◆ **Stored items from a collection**

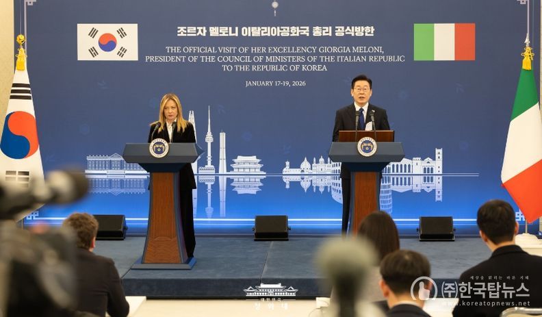 ㈜한국탑뉴스 차복원 기자 | 이재명 대통령은 19일 조르자 멜로니 이탈리아 총리와의 정상회담 뒤 "저와 멜로니 총리는 전략적 동반자 명칭에 부합하는 미래지향적 수준으로 양국 관계를 더욱 발전시켜 나가기로 합의했다"고 밝혔다.
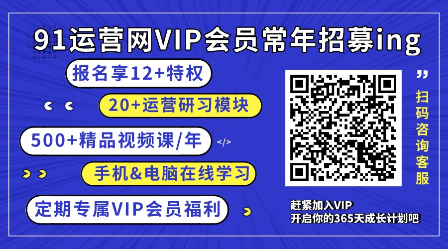 学习更多运营课程,欢迎加入已有10000+会员《91运营网VIP》。点击阅读原文了解详情,开启365天运营蜕变之旅!
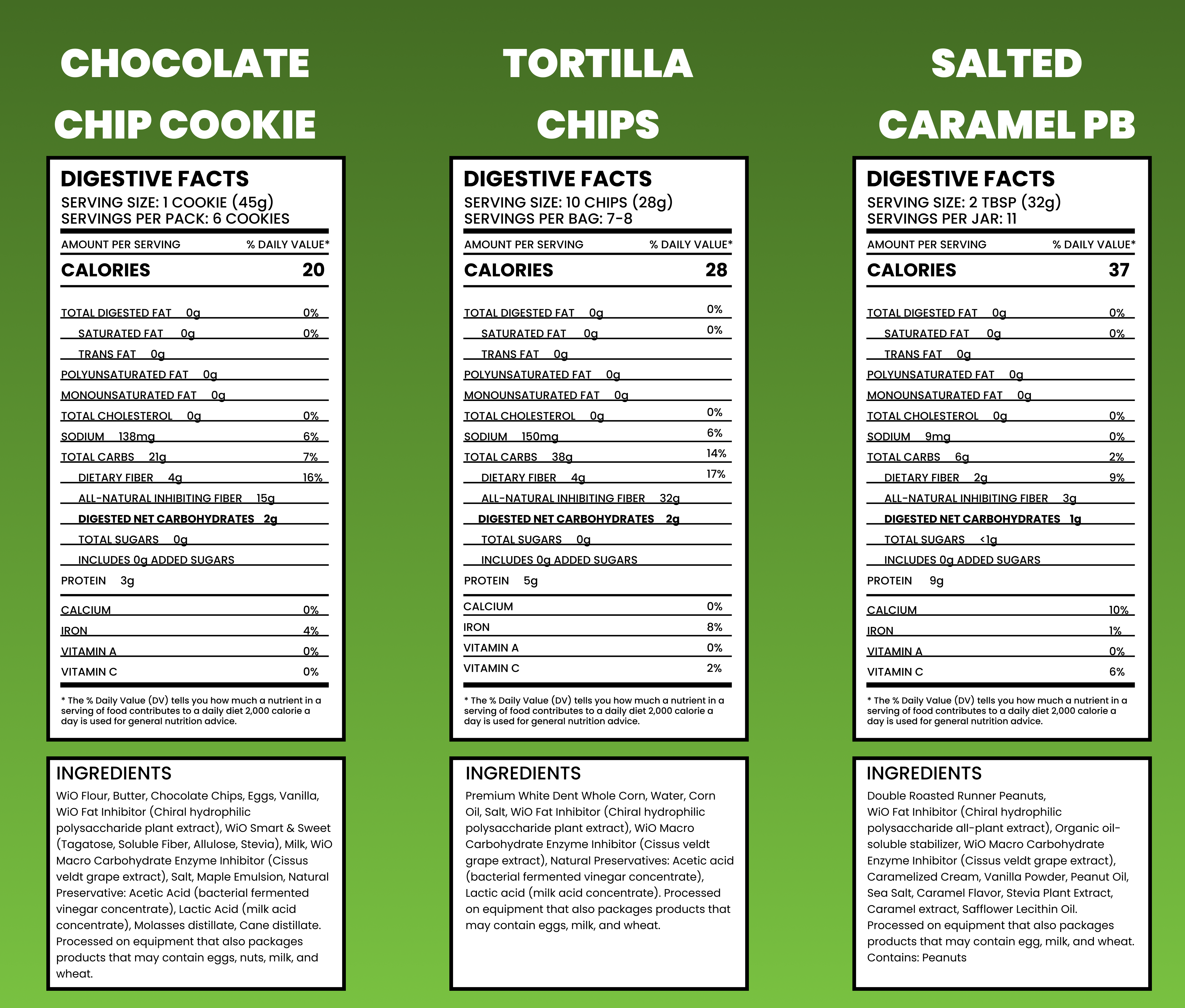 So many of the foods we love are off limits on a healthy diet because of the unhealthy levels of fat, carbs, and sugar. With WiO, you get to enjoy the foods you love without the digestive consequences of traditional versions. Plus, our techonology keeps all the flavor and texture you expect.
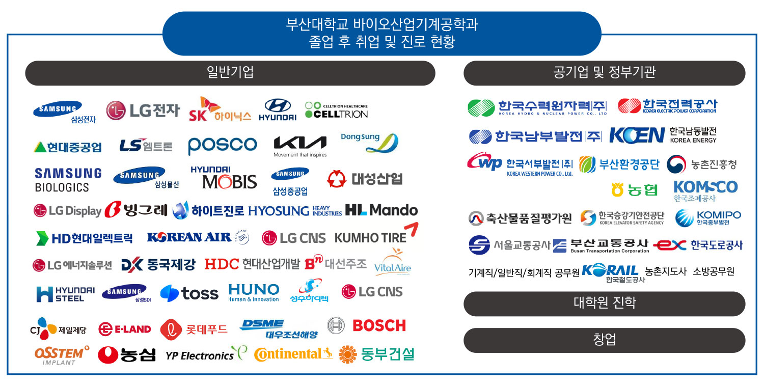 졸업 후 진로 공국가기관 연구소 및 국내 대기업 의료기기 전문 분야(병원 및 의료기기회사) 중등교사, 대학원 진학, 벤처 창업 기계산업 및 식품회사, 물류포장관련 기업 평생직업에 대비하여 기계,건설 및 물류관련 각종 기사 자격증 취득 그림을 클릭하시면 원본이미지로 보실 수 있습니다.
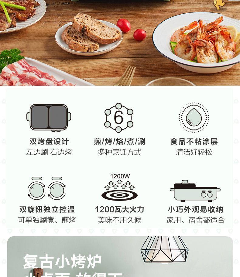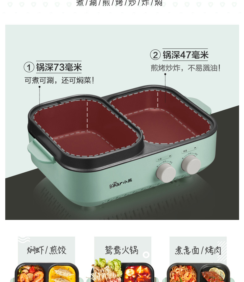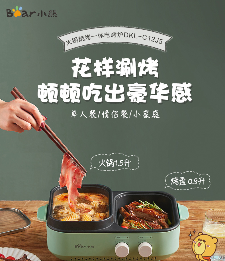 小熊 DKL-C12J5 1.5L 烤煮一体机电烧烤炉 (单位:台) 绿色
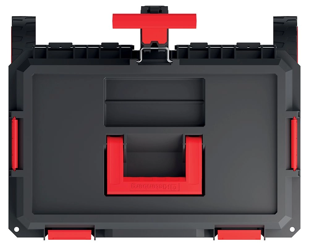 Forstærkede hjørner, solidt låg og sikre lukkebøjler beskytter indholdet mod stød og holder værktøjet sikkert lukket under transport.
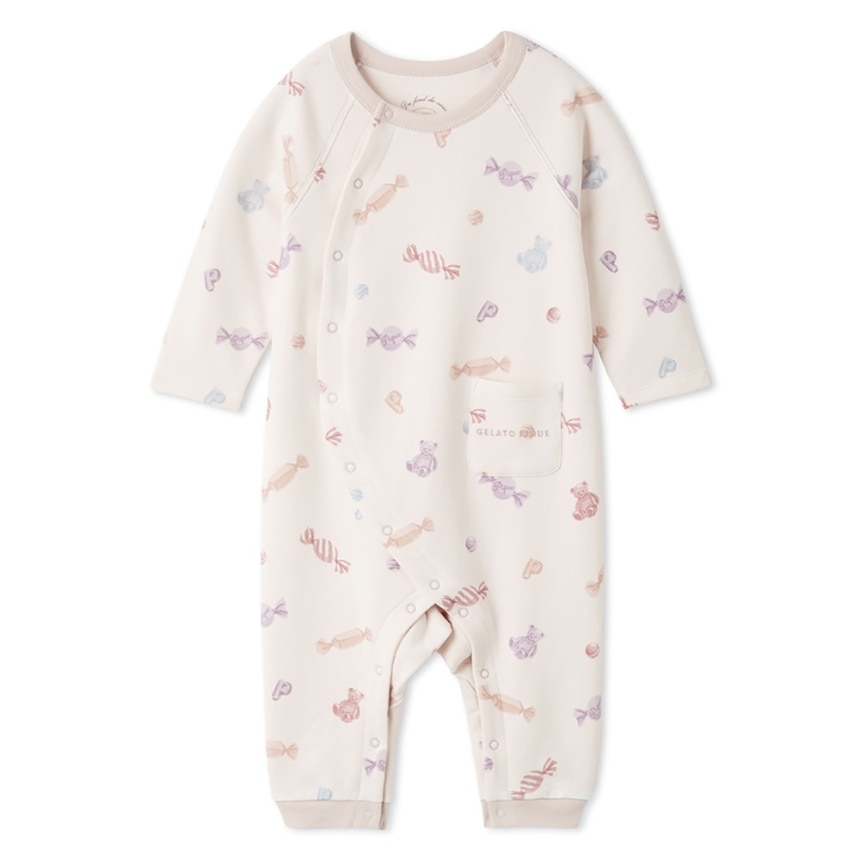 gelato piqueらしいベアやロゴモチーフのカラフルなキャンディを散りばめた、HAPPYな総柄プリントのBABYロンパースです。程良くふっくらとしたコットン混のインレイ素材を使用し、ゆったりとしたラグランスリーブで動きやすく仕上げました。首元と足首の配色デザインと、フロントポケットに入れた刺繍がポイントです。
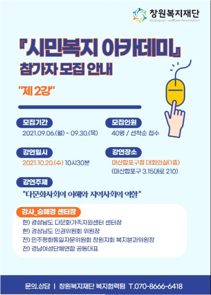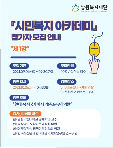창원복지재단 시민복지 아카데미 참여자 모집 김휘경 기자 발행 2021-09-27 10:54 Facebook Twitter band 네이버블로그 카카오스토리 카카오톡 글자작게 글자크게 <저작권자 ⓒ e-경남사회복지문화신문, 무단 전재 및 재배포 금지> 김휘경 기자 다른기사보기
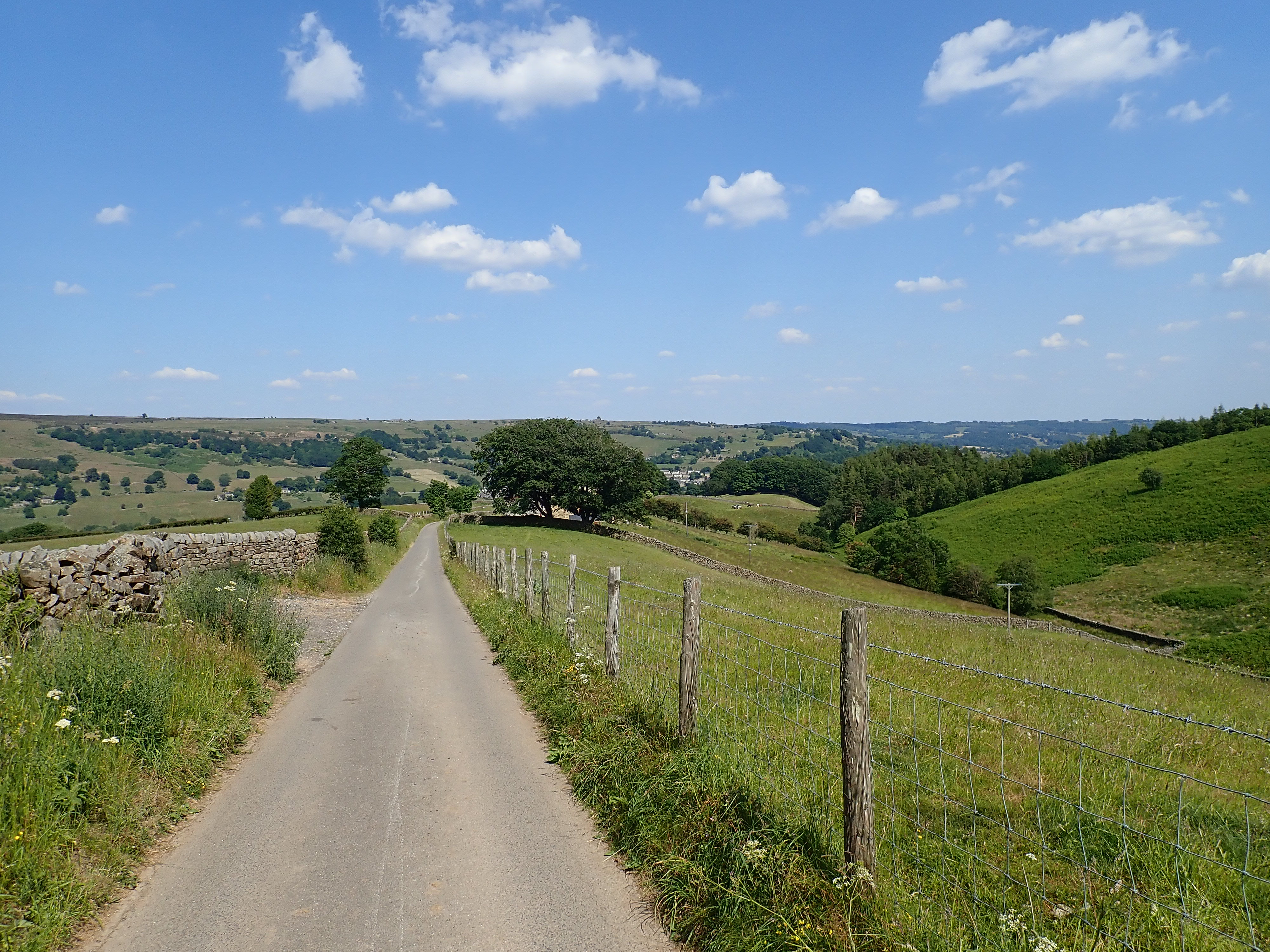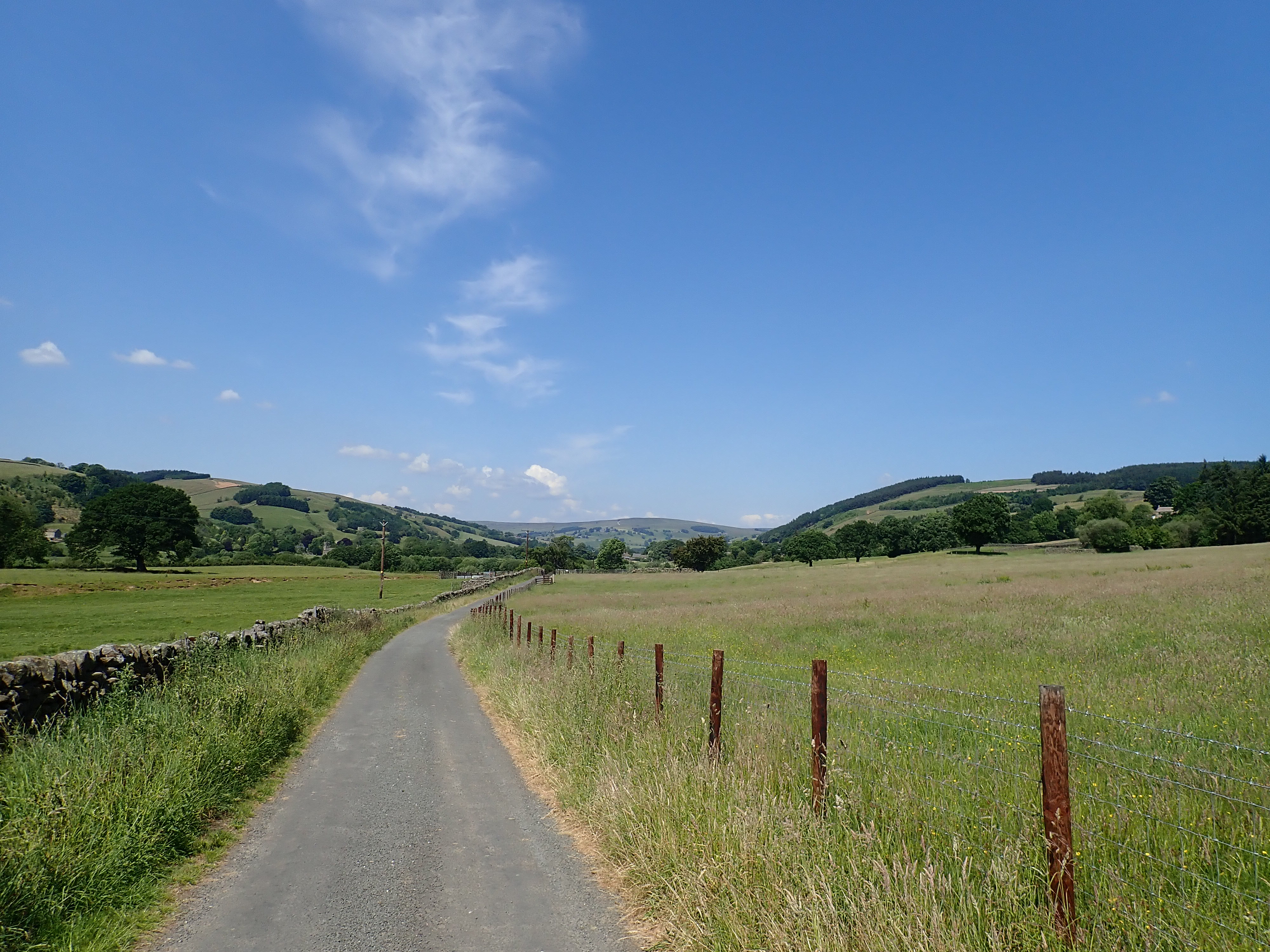 The mines are a fascinating, beautiful, and otherworldly places among the green hills. The Nidderdale Way wound through their spoil heaps, past the Prosperous and Providence shafts, to the crest of a ridge, then followed a track downhill to the valley of Brandstone Beck. After crossing the Beck by a stone bridge, the lane gently climbs to another ridge. I then followed this lane as the views of the countryside around expanded and Pateley Bridge gradually got closer. The lane passed some expensive-looking homes near Eagle Hall, before stopping at the B6265. A few minutes after crossing this busy road, I was in the village of Bewerley and half-way to completing the Nidderdale Way. Feeling good about how I had done, I walked the ten minutes to Pateley Bridge for an iced mocha and my trip home.
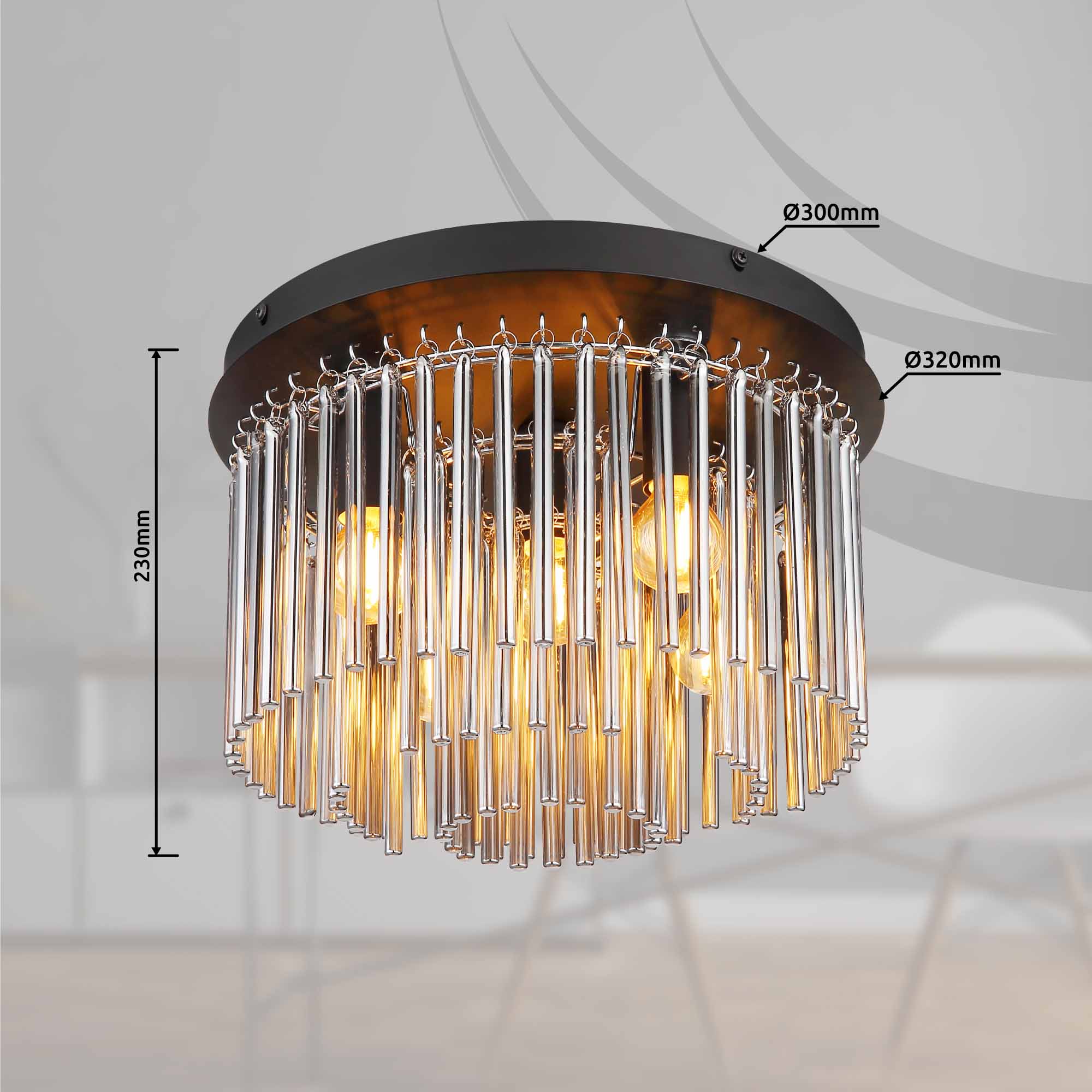Ontdek de elegante GORLEY plafondlamp! Het ontwerp maakt indruk met de combinatie van matzwart metaal, glanzend chroom en rookkleurige glazen staven. Deze unieke combinatie voegt een vleugje verfijning en stijl toe aan uw ruimte. Met een diameter van 320 mm en een hoogte van 230 mm past de GORLEY perfect in verschillende ruimtes. Met de E14-stopcontacten kunt u zelf de lichtkleur en helderheid bepalen tot een maximaal vermogen van 40 watt. Laat je fantasie de vrije loop en kies de juiste bollen om de sfeer te creëren die je wilt. Haal uniek design en aangenaam licht in huis met de GORLEY plafondlamp!
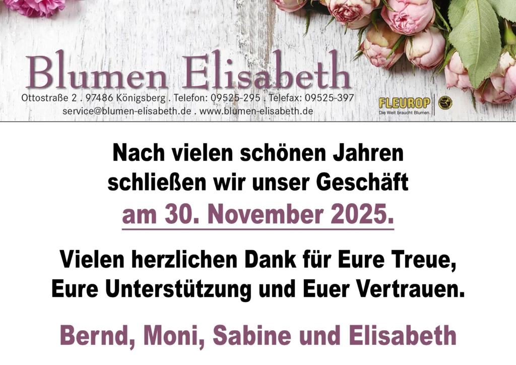 Blumen-Elisabeth ist ein Familienunternehmen mit langer Tradition. Über Blumen und Gestecke für jeden Anlass, bishin zu Freiland-, Garten- oder Topfpflanzen halten wir stets ein breites Sortiment für Sie bereit. Zu unseren weiteren Leistungen gehören Grab- und Gartenpflege.

◆ **EXERCISE BRIEF**
Beginning with the first entry above, reproduce every line verbatim until the line with "창원복지재단 시민복지 아카데미", which is included too; omit pictures.

◆ **ANSWER BELOW**
 ㈜한국탑뉴스 차복원 기자 | 이재명 대통령은 19일 조르자 멜로니 이탈리아 총리와의 정상회담 뒤 "저와 멜로니 총리는 전략적 동반자 명칭에 부합하는 미래지향적 수준으로 양국 관계를 더욱 발전시켜 나가기로 합의했다"고 밝혔다.
 学习更多运营课程,欢迎加入已有10000+会员《91运营网VIP》。点击阅读原文了解详情,开启365天运营蜕变之旅!
 So many of the foods we love are off limits on a healthy diet because of the unhealthy levels of fat, carbs, and sugar. With WiO, you get to enjoy the foods you love without the digestive consequences of traditional versions. Plus, our techonology keeps all the flavor and texture you expect.
 졸업 후 진로 공국가기관 연구소 및 국내 대기업 의료기기 전문 분야(병원 및 의료기기회사) 중등교사, 대학원 진학, 벤처 창업 기계산업 및 식품회사, 물류포장관련 기업 평생직업에 대비하여 기계,건설 및 물류관련 각종 기사 자격증 취득 그림을 클릭하시면 원본이미지로 보실 수 있습니다.
 小熊 DKL-C12J5 1.5L 烤煮一体机电烧烤炉 (单位:台) 绿色
 Forstærkede hjørner, solidt låg og sikre lukkebøjler beskytter indholdet mod stød og holder værktøjet sikkert lukket under transport.
 gelato piqueらしいベアやロゴモチーフのカラフルなキャンディを散りばめた、HAPPYな総柄プリントのBABYロンパースです。程良くふっくらとしたコットン混のインレイ素材を使用し、ゆったりとしたラグランスリーブで動きやすく仕上げました。首元と足首の配色デザインと、フロントポケットに入れた刺繍がポイントです。
창원복지재단 시민복지 아카데미 참여자 모집 김휘경 기자 발행 2021-09-27 10:54 Facebook Twitter band 네이버블로그 카카오스토리 카카오톡 글자작게 글자크게 <저작권자 ⓒ e-경남사회복지문화신문, 무단 전재 및 재배포 금지> 김휘경 기자 다른기사보기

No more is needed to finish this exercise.